New York’s Marijuana Regulation and Taxation Act: What About Medical Marijuana?!

In all of the hubbub over New York’s legalization of adult-use (i.e. recreational cannabis), not a lot of ink has been spilled over the expansion of New York’s medical cannabis program. As a brief refresher, New York first legalized medical cannabis in 2016. Since then, only 10 organizations (ROs), have been issued registrations. We are proud to say that a few of them are clients of our law firm.

New York has had some of the more restrictive patient certification requirements nationwide, which resulted in lower revenue for the ROs. It was widely assumed that New York’s medical cannabis industry, in particular the existing ROs, would have a leg up on recreational applicants once the MRTA was finalized and passed. As we get into below, it turns out there may not have been as many advantages as the ROs expected.

Let’s go through some of the questions we most frequently get about the MRTA’s changes to New York’s medical cannabis program.

Who qualifies as an eligible patient?

Anyone who, “in the [patient’s physician’s] professional opinion and review of past treatments, the patient is likely to receive therapeutic or palliative benefits from the primary or adjunctive treatment with medical use of cannabis for the condition.” This is a pretty broad provision that is clearly intended to give physicians discretion to prescribe cannabis where they deem appropriate.

Is there a limit on how much medical cannabis a patient can buy?

Yes, a sixty (60) day supply. But patients can “refill” their prescription with another sixty (60) day supply in the last 7 days of the previous 60 day period.

Are there any rules about the form of cannabis prescribed?

Just like any other prescription, the MRTA requires a prescription to identify the form of cannabis prescribed and the appropriate dosage. A patient’s registration identification card is required to include any recommendations or limitations by the patient’s physician as to the form or forms of medical cannabis and/or dosage for the patient.

How do I apply to be an RO?

The application is generally similar to the application process for a recreational license. Some key differences in terms of the application and criteria for registration:

  • The registration application must include information about management or ownership interest in any other cannabis business outside of New York above 10%.
  • The applicant will be evaluated in part based on the affordability of its medical cannabis.
  • As an alternative to demonstrating that the applicant has sufficient real estate and equipment to operate, the applicant can post a bond of at least $2,000,000.

As with recreational licenses, the Cannabis Control Board (CCB) will be issuing rules and regulations that detail the exact application process, including any application fees.

Can I apply for both a registration and a recreational license?

Maybe. The CCB is empowered to grant some or all ROs the ability to obtain recreational cannabis licenses, subject to any fees, rules, or conditions prescribed by the CCB. We will have to see what the CCB’s rules and regulations say.

Do the existing ROs have an advantage over recreational licensees?

There are few obvious advantages. ROs can be vertically integrated, which means control from seed to sale. The right to vertically integrate allows for cost control throughout the production process.

ROs are also allowed to dispense medical cannabis from 4 wholly-owned dispensaries, with the apparent right to have an interest in an additional 4 dispensaries (presumably in which the RO is not the sole owner). Of the additional 4 dispensaries, 2 must be located in underserved or unserved geographic locations as determined by the CCB.

Another big advantage is going to be in the initial supply of recreational cannabis. Unless the CCB staggers its issuance of recreational licenses in such a way that allows cultivators and processors to grow and manufacture cannabis products in advance of recreational sales, there will likely be a significant supply deficit, with only the existing ROs ready to step into the void.
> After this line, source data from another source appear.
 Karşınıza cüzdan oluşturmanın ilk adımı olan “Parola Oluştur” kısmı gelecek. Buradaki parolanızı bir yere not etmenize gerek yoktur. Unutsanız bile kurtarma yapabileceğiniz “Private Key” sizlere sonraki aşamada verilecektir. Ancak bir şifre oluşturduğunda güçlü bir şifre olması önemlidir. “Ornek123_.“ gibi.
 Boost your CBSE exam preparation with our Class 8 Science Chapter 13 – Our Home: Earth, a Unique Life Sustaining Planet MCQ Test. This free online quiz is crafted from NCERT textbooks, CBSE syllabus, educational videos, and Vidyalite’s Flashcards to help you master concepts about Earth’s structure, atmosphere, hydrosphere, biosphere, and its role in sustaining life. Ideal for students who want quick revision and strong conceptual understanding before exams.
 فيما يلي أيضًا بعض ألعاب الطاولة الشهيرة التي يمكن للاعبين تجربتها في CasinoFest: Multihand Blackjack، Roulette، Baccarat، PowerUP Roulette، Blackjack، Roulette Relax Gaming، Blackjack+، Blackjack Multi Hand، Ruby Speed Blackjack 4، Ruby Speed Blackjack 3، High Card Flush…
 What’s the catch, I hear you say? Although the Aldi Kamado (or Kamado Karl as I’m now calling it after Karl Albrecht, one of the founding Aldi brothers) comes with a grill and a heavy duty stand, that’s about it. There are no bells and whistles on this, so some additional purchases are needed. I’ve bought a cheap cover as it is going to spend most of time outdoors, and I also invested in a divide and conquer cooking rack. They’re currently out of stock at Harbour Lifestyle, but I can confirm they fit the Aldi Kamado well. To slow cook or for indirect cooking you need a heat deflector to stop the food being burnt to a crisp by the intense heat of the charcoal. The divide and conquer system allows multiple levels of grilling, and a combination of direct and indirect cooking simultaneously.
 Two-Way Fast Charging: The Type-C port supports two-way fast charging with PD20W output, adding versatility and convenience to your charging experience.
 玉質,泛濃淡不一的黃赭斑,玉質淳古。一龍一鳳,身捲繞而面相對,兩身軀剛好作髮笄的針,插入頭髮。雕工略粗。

Where things may not be as advantageous is with existing ROs’ right to operate recreational dispensaries. As per the MRTA’s recreational licensing article, an RO can sell recreational cannabis at 3 of its medical dispensaries. However, the sale of recreational cannabis is limited to the RO’s own products. We note that there is some debate as to whether the MRTA expressly limits ROs to selling its own products recreationally, as opposed to dispensing its own products (i.e. one level up the production chain). Here at the Canna Law Blog, we think the spirit of the MRTA indicates that the limitation applies to the sale of recreational cannabis.
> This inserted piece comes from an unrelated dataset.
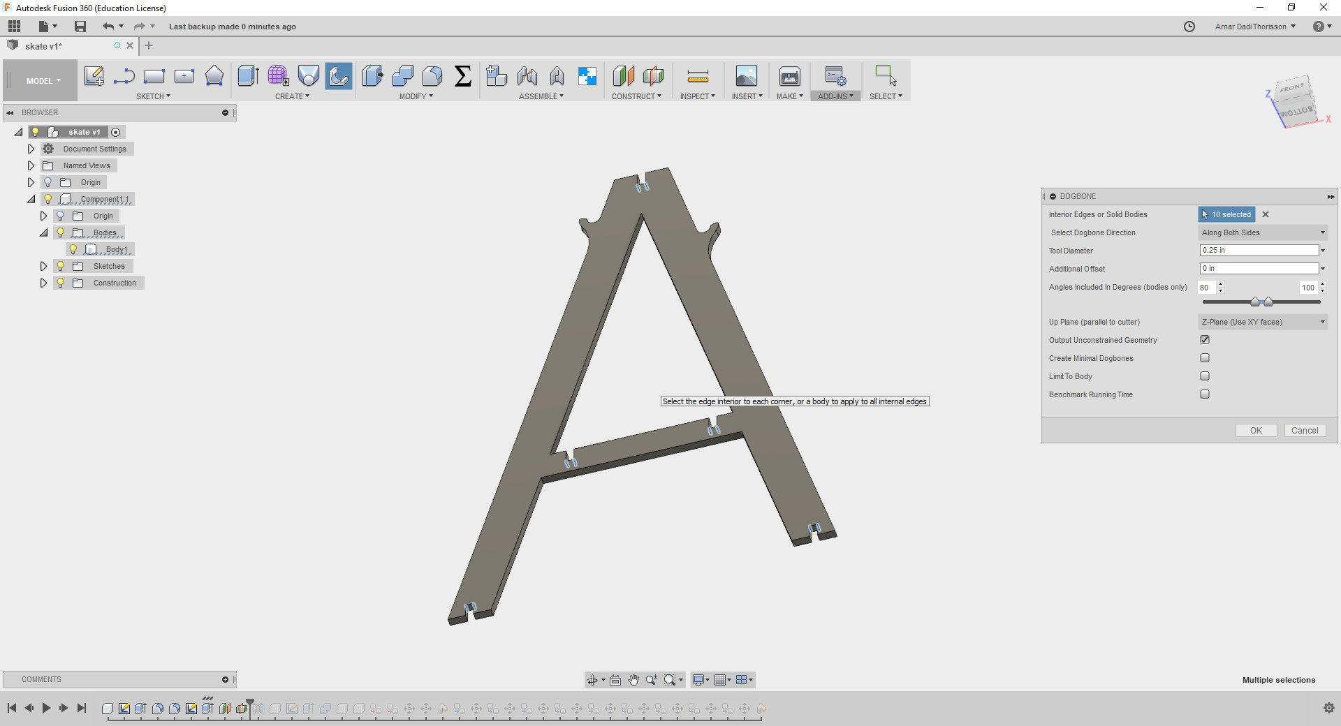 Do note that if you want to do use the dogbone extensipon, it's necessary to apply it as a last featur in the timeline, before going to cam. I found that if you want to change something earlier in the timeline it will mess up the design.x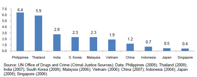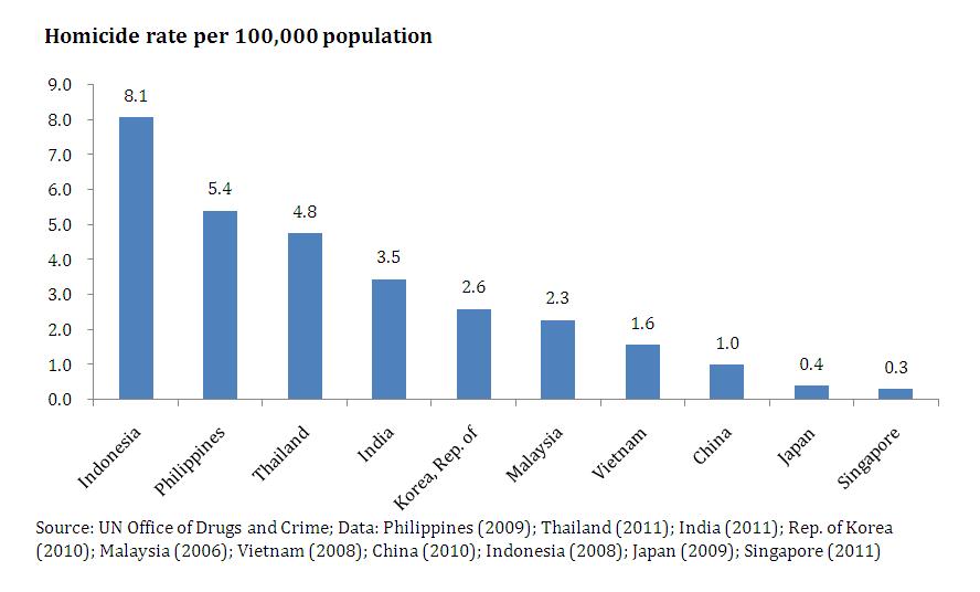 The prevalence of weapons also results in a high level of gun violence. Among the ASEAN-6+4, the Philippines has the highest murder rate, followed closely by Thailand (see Figure 224). The Philippine murder rate is three to 15 times higher than the other countries, except Thailand. There are an estimated 1.2 million unlicensed firearms in the country, contributing to the Philippine rank as number 10 worldwide for gun homicide. Despite the rise in political killings during elections, the gun ban that is generally enforced during campaigns results in lower levels of non-political gun-related violence.

Anything else I need to know?

The renewal provisions for ROs are pretty interesting. The CCB can choose not to renew a registration if it determines and finds that:

  • The number of ROs in an area is excessive to reasonably serve that area; and
  • The RO has substantially violated the laws of another jurisdiction in which they operate a cannabis license or registration related to the operation of a cannabis business.

These two bases for non-renewal appear to target the existing ROs and multi-state operators and indicate that the CCB is really going to push for geographic diversity in the issuance of registrations.

On the whole, we mainly want to point out that a recreational license is not the only option available for prospective entrants into New York’s cannabis industry. There may be more barriers to entry in terms of capital requirements (i.e. that $2,000,000 bond option), but with the significantly expanded patient availability, it may make sense to explore medical cannabis registration for some prospective applicants.